Three recurring problems threaten that latency guarantee:
-
Blocking I/O inside async tasks —
rusqliteinmaekon-storage,xcapscreen capture inmaekon-vision, andstd::fscalls block tokio worker threads for the full duration of the operation. When the pool of worker threads stalls, unrelated async tasks queue behind them. -
Synchronous subprocess invocation —
std::process::Commandblocks the calling thread until the child process exits.osascriptcalls on macOS (viamaekon-monitor/src/macos.rs) andxdotool/xprintidlecalls on Linux (viamaekon-monitor/src/linux.rs) are currently synchronous. A hung or slow subprocess freezes an entire worker thread. -
Panic-on-lock-poison —
.expect()onMutex::lock()orRwLock::read()propagates a panic through the entire spawned task, which terminates it silently. For a 24/7 desktop agent that must survive subprocess failures and hardware anomalies, silent task death is worse than degraded operation.
Pivot Evidence
Three commits establish the direct lineage of these issues:
| Commit | Date | Path | Relevance |
|---|---|---|---|
1e8c918 | 2026-02-26 | crates/maekon-monitor/src/macos.rs, crates/maekon-monitor/src/linux.rs | Initial codebase introduced std::process::Command for all subprocess calls |
aa03871 | 2026-02-28 | crates/maekon-vision/src/trigger.rs | Interior-mutability refactor (&mut self → &self) introduced Mutex::lock().expect(...) as the locking pattern |
e633ac5 | 2026-03-08 | crates/maekon-vision/src/trigger.rs, crates/maekon-monitor/src/input_activity.rs | Partial unwrap cleanup replaced unwrap() with .expect() — correct for documented invariants, but .expect() still panics on lock poison; the remaining cases need graceful handling |
Decisions
1. Blocking I/O Boundary (spawn_blocking)
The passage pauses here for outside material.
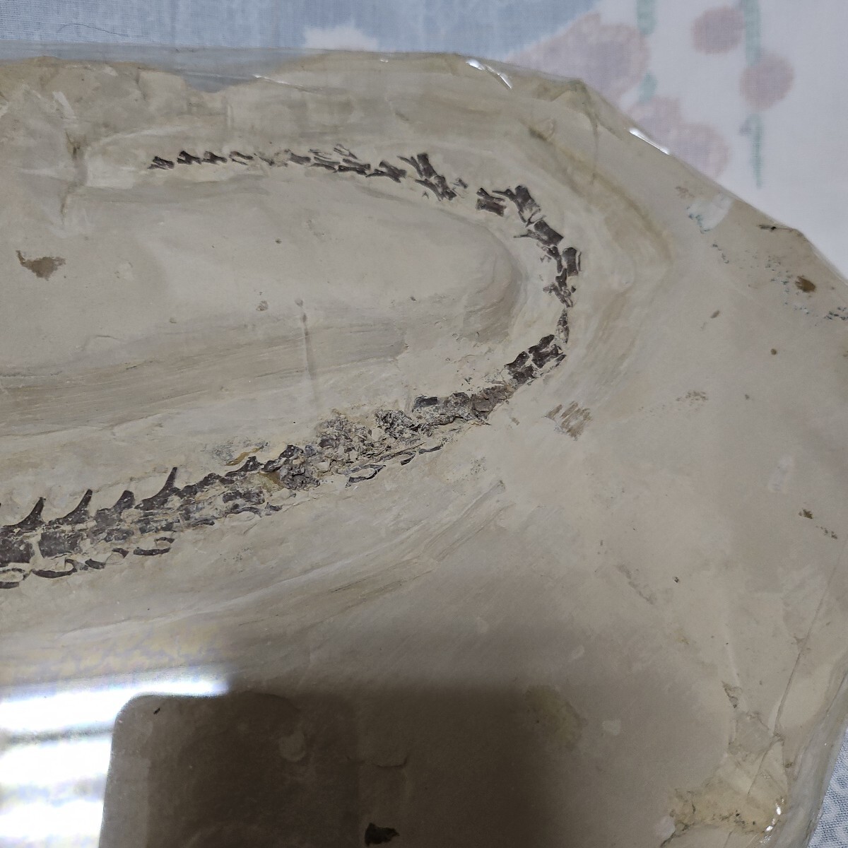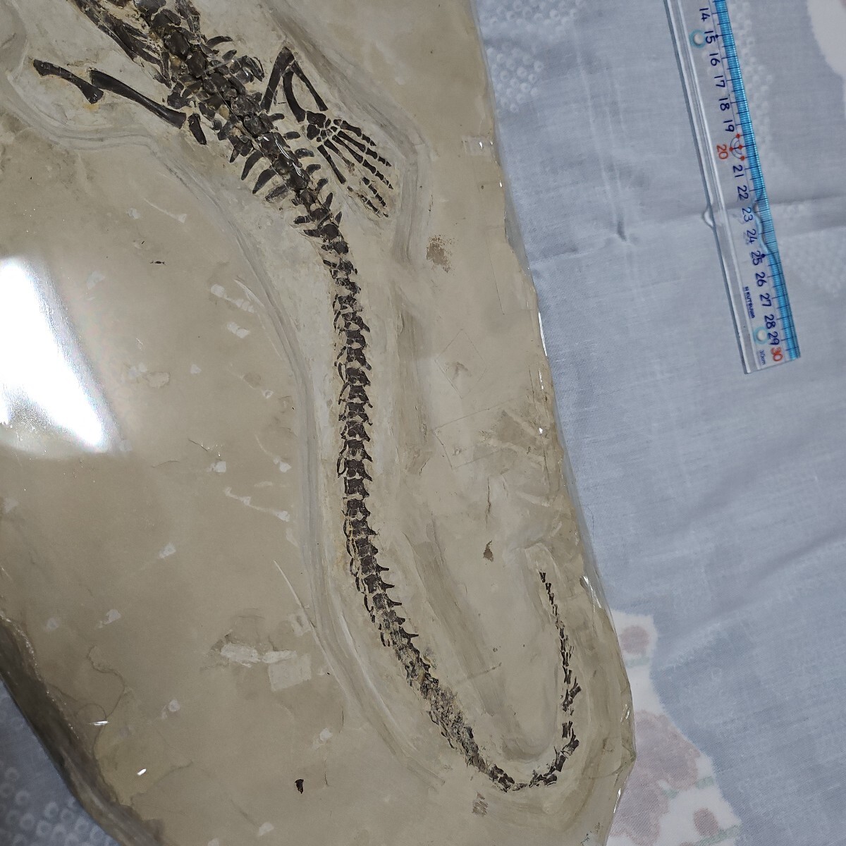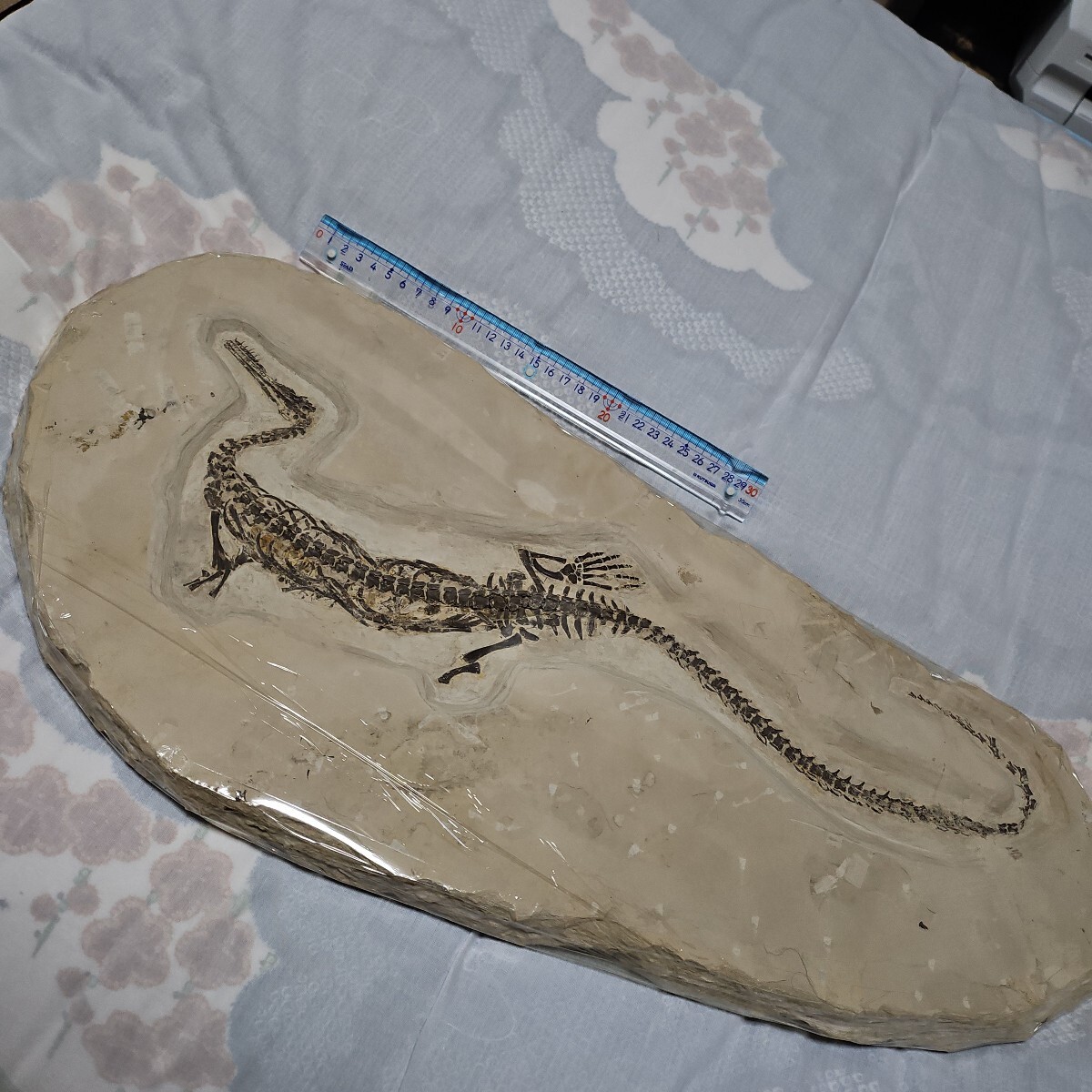 今回出品のメソサウルスは全長70cm程あり、ほぼ大人の成体であると考えられます、近年のミネラルショー等でもなかなかお目にかかれ無い大物です、頭部は綺麗に残っており、背骨はかなり立体感があります、40年程前に購入した化石になります。購入後、ラップで包んでおりますので化石の状態はほぼ当時のままであると思います。

Rule: Any operation that may block a thread for more than ~1 ms inside an async context MUST be offloaded to tokio::task::spawn_blocking. This applies to:
- All
rusqlitedatabase methods inmaekon-storage/src/sqlite/ - Screen capture via
xcap::Monitor::capture_image()inmaekon-vision/src/capture.rs - File system operations using
std::fs(nottokio::fs) when called from async functions
Preferred pattern for SQLite — with_conn helper:
// 동기 Connection을 소유한 구조체에 이 헬퍼를 추가한다
async fn with_conn<F, T>(&self, f: F) -> Result<T, CoreError>
where
F: FnOnce(&Connection) -> Result<T, CoreError> + Send + 'static,
T: Send + 'static,
{
// Arc<Mutex<Connection>>을 복제하여 클로저로 이동시킨다
let conn = self.conn.clone();
tokio::task::spawn_blocking(move || {
let guard = conn.lock().map_err(|e| {
CoreError::Internal(format!("SQLite lock poisoned: {e}"))
})?;
f(&guard)
})
.await
.map_err(|e| CoreError::Internal(format!("spawn_blocking join error: {e}")))?
}
Callers use it as a thin wrapper:
// 호출 측 — 동기 rusqlite 코드를 클로저 안에 작성한다
let count = self
.with_conn(|conn| {
conn.query_row("SELECT COUNT(*) FROM events", [], |r| r.get(0))
.map_err(|e| CoreError::Internal(e.to_string()))
})
.await?;
Why not tokio::sync::Mutex? tokio::sync::Mutex still blocks the underlying system thread during the actual SQL execution. The spawn_blocking boundary moves the blocking work to a dedicated thread pool that tokio sizes separately from its async worker pool, preventing head-of-line blocking.
2. Subprocess Execution Pattern
Rule: Use tokio::process::Command instead of std::process::Command in all code that runs inside an async context. Every subprocess call MUST have an explicit timeout.
Affected files:
maekon-monitor/src/macos.rs—osascript,ioreg(currently usesstd::process::Command)maekon-monitor/src/linux.rs—xdotool,xprintidle(currently usesstd::process::Command)
Migration pattern:
use tokio::process::Command;
use tokio::time::{timeout, Duration};
// osascript 호출 예시 — 5초 타임아웃 적용
async fn get_active_window_macos() -> Result<Option<WindowInfo>, CoreError> {
let output = timeout(
Duration::from_secs(5),
Command::new("osascript")
.arg("-e")
.arg(APPLESCRIPT)
.output(),
)
.await
.map_err(|_| CoreError::Internal("osascript timed out".into()))?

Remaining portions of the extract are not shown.